講座の紹介

 

時代を哲学する Ⅱ

全12講

 

 

 

2019年10月から全12講が行われた本講座の説明として、受講生募集チラシに掲載された高村講師の案内文を転載します。

 

1年間の哲学講座「時代を哲学する」が、7月で終わりました。その時々の私たちが直面する時代を代表する問題を中心に、受講生の皆さんと一緒に議論し、哲学的に解明しようという企画でした。第1回は、ベストセラー『君たちはどう生きるか』を取り上げ、そこから人間の生き方の問題を中心にしながら、最後は、日本を変えるために何をすべきなのかを、3回にわたってお話ししました。おかげさまで好評でしたので、引き続き10月から1年間の予定で、「時代を哲学する Ⅱ」を開催いたします。

今回は、パート Ⅱ ですので、前回と同様、時代を代表する問題を取り上げ、皆さんと一緒に考えていきたいと思いますが、講師自身の関心事を哲学的に一歩深めてお話しするという形で進めていこうかと考えています。
 ということで、第1回、第2回し「戦争と平和」をテーマとします。アベ内閣のもとで、いよいよ9条をめぐる攻防が山場を迎えようとしています。どうして労働者階級は平和の問題に取り組むことになったのかを皮切りに、戦争と平和をめぐる階級闘争は、どういう局面に達しているのか、日本を含む東アジアの平和をどう考えるべきか、などを考えてみたいと思います。第3回、第4回は「自由と平和」です。
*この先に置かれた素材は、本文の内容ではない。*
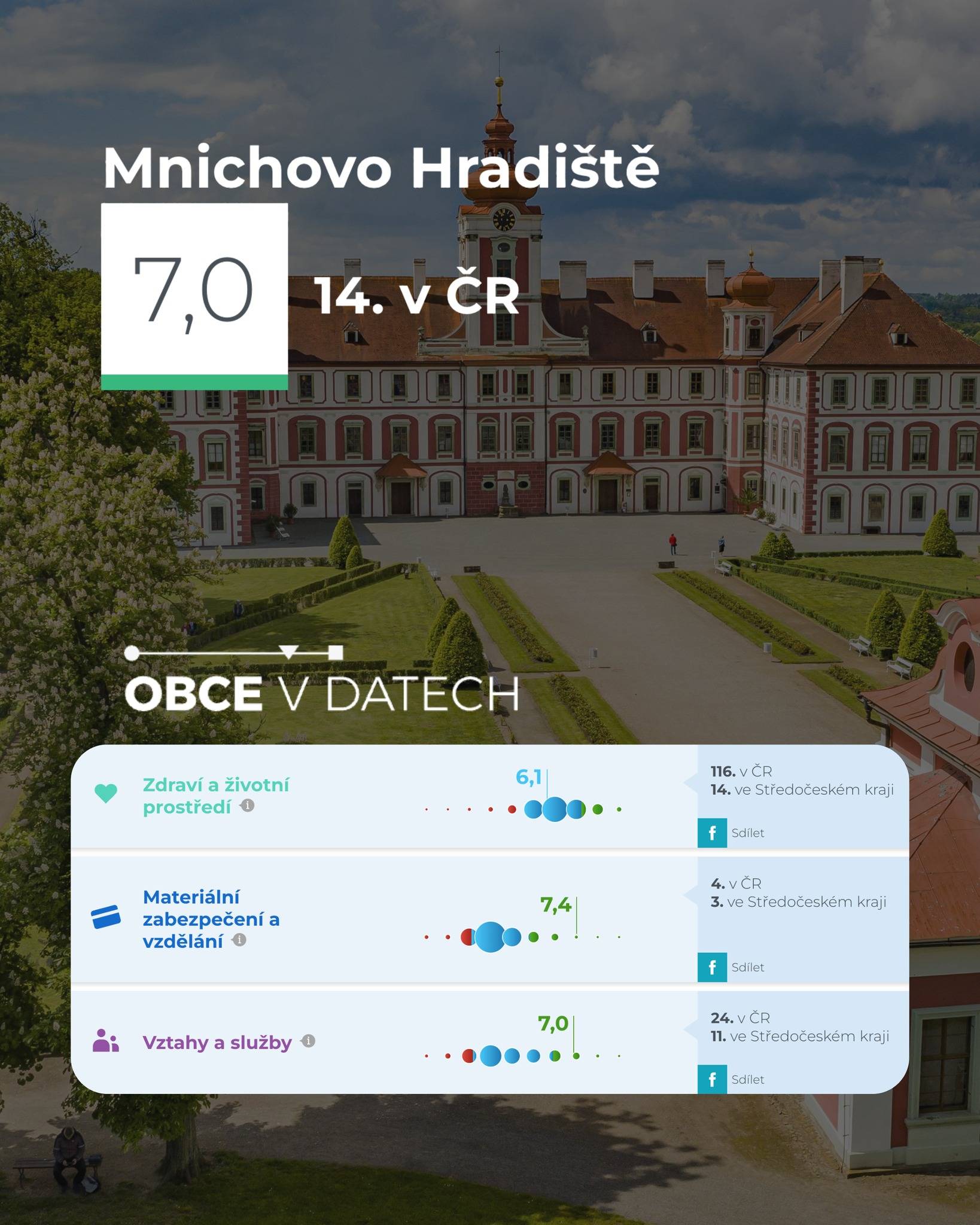 Kladné body sbíralo Mnichovo Hradiště zejména díky ekonomické prosperitě širšího regionu (Mladá Boleslav a Turnov se umístily na sdíleném 21.-40. místě), kvalitě vzdělání, společenského života a díky široké nabídce služeb. Vysoko hodnoceno bylo konkrétně za kvalitu středoškolského vzdělání, za nabídku pracovních příležitostí nebo za to, že je vyhledávané mladými ve věku 20-34 let, kteří tu chtějí žít. Absolutního prvenství dosáhlo v indexu hazardu, který byl před lety zcela zakázán - dnes ve městě nefunguje žádná herna.

私たちは、なぜ人間解放の未来社会を「自由で平等なアソシエーション」として理解しているのか、資本主義では「自由と平等」概念は、どのような階級対立を示し、相対的真理から絶対的真理に接近しようとしているのかなどを論議したいと考えています。

その後は、20世紀後半からの認知科学の発達を踏まえて、人間の脳は「事実と価値」をどの関連させてとらえているのかを取り上げ、つづいて「理想と現実」とは統一されるのか否か、私たちは未来社会に向けて、「生産手段の社会化と個人の全面的発達」をどう考えるべきなのか、などを考えているところです。受講生の皆さんからのテーマの申し出も受けたいと思います。